# When to stop?



## Ben Brewcat (Oct 27, 2004)

Well that's tricky; making a mead with the desired residual sweetness is best accomplished in the recipe formulation stage by selecting a starting gravity a few points more than the alcohol your yeast strain can produce. You could 1) start with more honey, 2) use a less alcohol tolerant strain (not using Champage yeast I hope, that'll ferment all the sugar out of a Disney movie  ), or 3) ferment to dryness, stabilize with potassium sorbate (preventing the yeast from waking up and eating the new honey), and sweeten to taste before bottling. If your mead is done but too dry, this is the method I recommend. This is also about the only way to make lower-alcohol meads with some residual sweetness. You can use beer yeast for meads which is less alcohol-tolerant than wine yeasts. 

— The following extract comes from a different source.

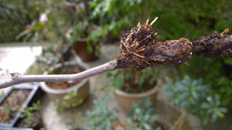 @ThorstenHH : vielen Dank für die Videos.Ich habe beide Teile heruntergeladen. Welches Hormon benutzt man in D und kann man es online bestellen? Ich hatte letztes Jahr mit einer Plastikkugel und Substrat , die mir Jost Wallis sandte, versucht Stewartia Malacodendron abzumoosen. Die hatte auch kleine Wurzeln gebildet, aber ist dann jetzt am Pilz gestorben. Diese Kugel ist ein offnens System und es ist auch schwierig die gleichmäßig feucht zu halten, da ich bei Trockenheit immer nachgießen mußte. Ich nehme an, daß man bei der Stewartia genauso vorgehen könnte. Ist es jetzt schon zu spät? Anbei ein Bild von den kümmerlichen Wurzeln die die Stewartia in 6 Monaten letztes Jahr gebildet hatte. Erstaunt war ich auch , daß der nach der Entfernung des Kambiums noch kräftig an der Rinde scharpte und ein Hormon in Puderform statt Flüssigkeit benutzte.
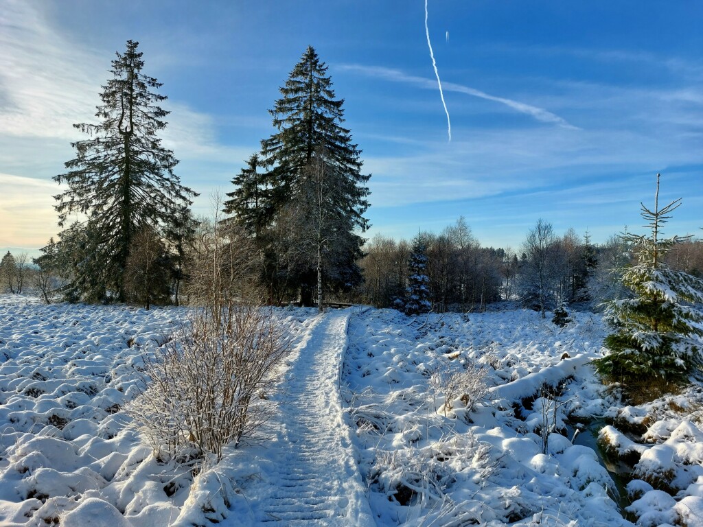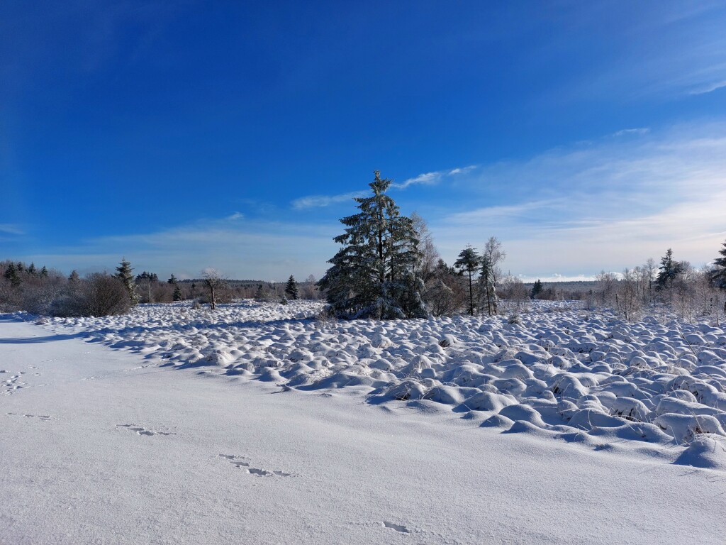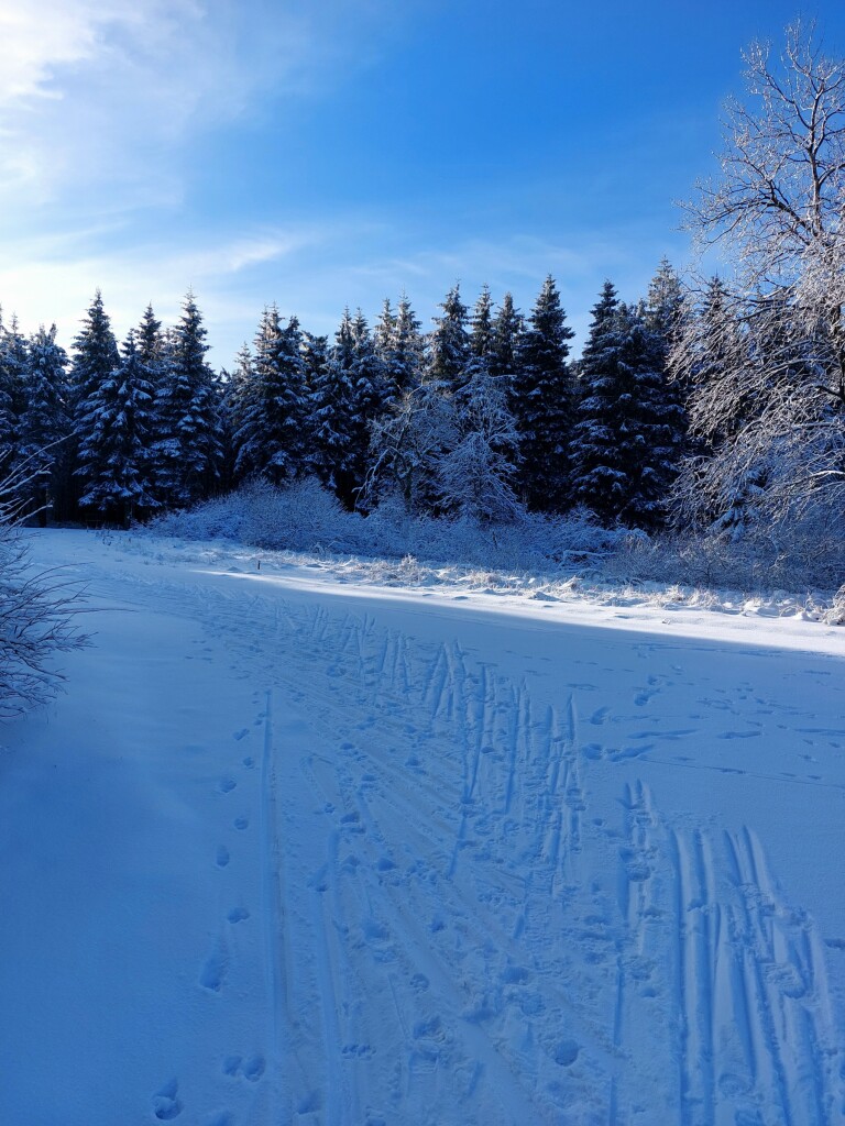 Het was de (lange) reis zeker waard. Het duurde vrij lang (lees: pas op serieuze hoogte) voordat de eerste sneeuw verscheen, maar toen ging het vrij snel. Over de gehele lengte van de wandeling was de sneeuwhoogte tussen grofweg 10 en 15 cm. Zeker op plekken met schaduw bleef de sneeuw ook de hele dag op takken en bladeren liggen, maar op stukken die gevoelig waren voor de zon merkte je wel duidelijk dat de sneeuw van de takken afviel. Het was - met uitzondering van het kleine rondje bij Mont Rigi - eigenlijk helemaal niet druk. Het was verder ook prachtig weer met eerst nog strakblauwe luchten, in de namiddag trok wat hogere bewolking binnen. De wind stelde niet veel voor en met het zonnetje erbij kon je soms zelfs met je jas deels open wandelen, terwijl de temperaturen rond het vriespunt lagen.

Mid-ferment stopping is pretty chancy. You can try chilling it down to precipitate the yeast out and then racking. Then sulfite and add potassium sorbate. Be aware of course you won't be able to naturally carbonate the mead in case that was part of the plan (if you bottled mead with residual sugar and active yeast, you'll get gushers of you're lucky and grenades if you're less lucky). 

If you don't need to sparkle it, ferment dry, stabilize, and sweeten.


----------



## nursebee (Sep 29, 2003)

I agree with the first paragraph. Get a hydrometer! If not sweet when you rack add more honey. Repeat prn


----------



## AndrewSchwab (Dec 9, 2005)

Thanks, I need to try some other yeasts


----------